It is my understanding that BC4 compression of 3D textures is supported, however, while Texture2D has a ‘Compress’ method, Texture3D does not.
My 3D texture is generated within a compute shader in Unity written to a RenderTexture, and then written to a Texture3D to be saved as an asset. However, RTs cannot be compressed, and you cannot use Graphics.CopyTexture or directly use the NativeArray to copy it over as the RenderTexture and BC4 format are different.
I understand I may be able to split the 3D texture into 2D slices and compress each slice to be combined. Is this equivalent to compressing the 3D texture? Is there an easier way?
Are you doing this at import time or at run-time?
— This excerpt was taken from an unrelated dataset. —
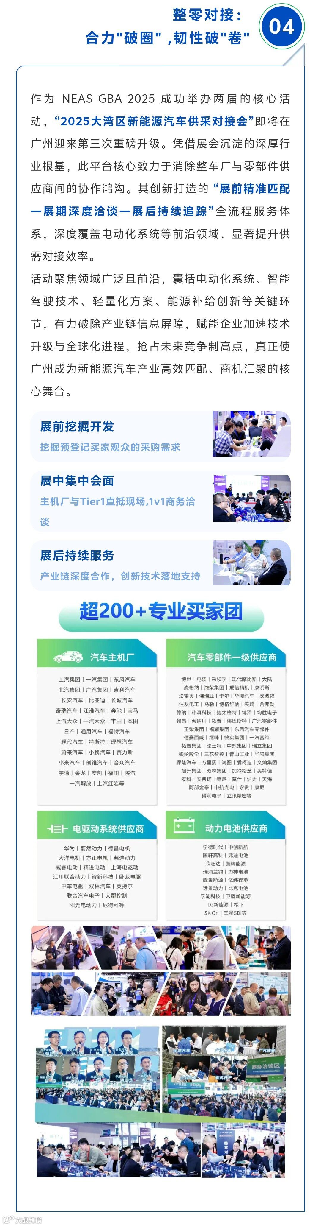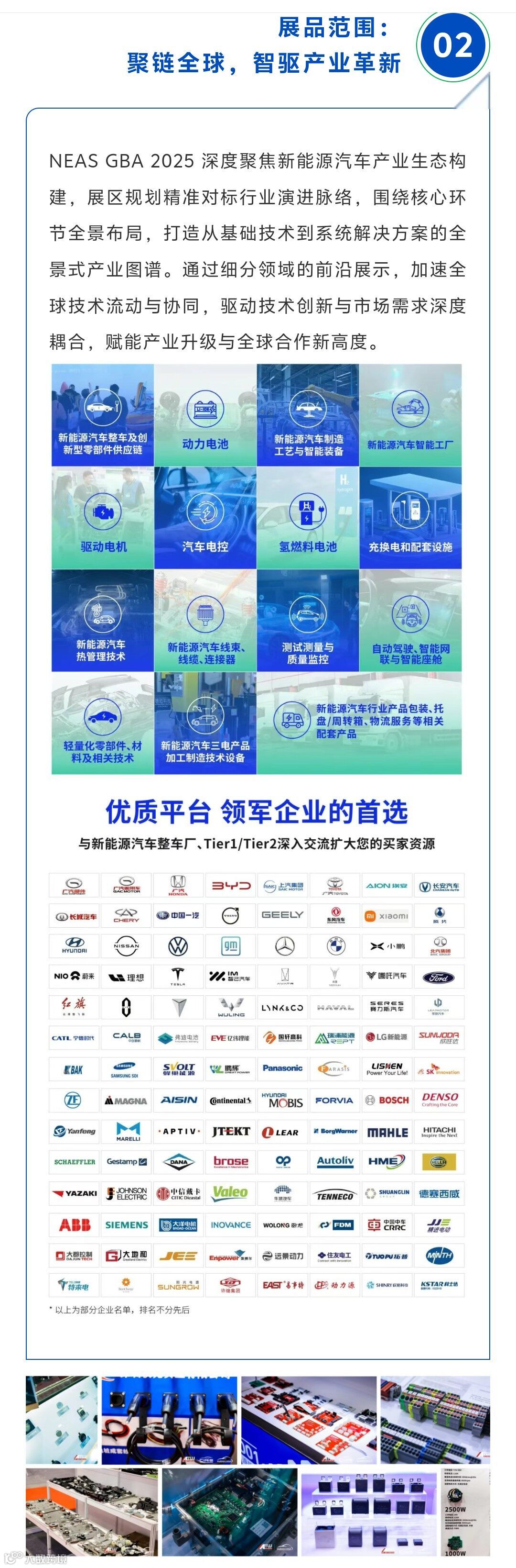 掌驭智电风云势,擎动湾区未来芯!2025年10月22-24日,第十五届大湾区国际新能源汽车技术与供应链博览会(NEAS GBA 2025)将在广州空港博览中心震撼启幕!由英佛会展联合广东省汽车行业协会、中国电工技术学会以及广东省新能源汽车产业协会、广东省大湾区新能源汽车产业技术创新联盟等知名行业协会联手强力打造,本届盛会以“全球协同·技术破界·韧性未来” 为主题,直击产业技术融合、供应链韧性及全球化发展核心,NEAS GBA 2025 将聚力熔铸“硅谷创新”与“底特律智造”的双城基因,构建全球要素高效流转的双循环枢纽!

Usually textures are compressed at import time, not at run-time. Texture2D.Compress can be called at run-time, but it doesn’t compress as well as EditorUtility.CompressTexture.
There is a thread about run-time texture compression here
but as I said, run-time texture compression doesn’t give you the best results.
AFAIK, you should be able to compress each slice individually and then use CopyTexture to copy it to a 3D texture (haven’t tried it, though).
I can do it import time so the execution time of the compression algorithm wouldn’t be significant for me. The only reason I note that it is computed is that the texture is in a 3D RenderTexture, therefore, cannot be set to a compressed format on its own.
In Unity, 3D textures do not seem to have the same compression settings on the asset that 2D textures do.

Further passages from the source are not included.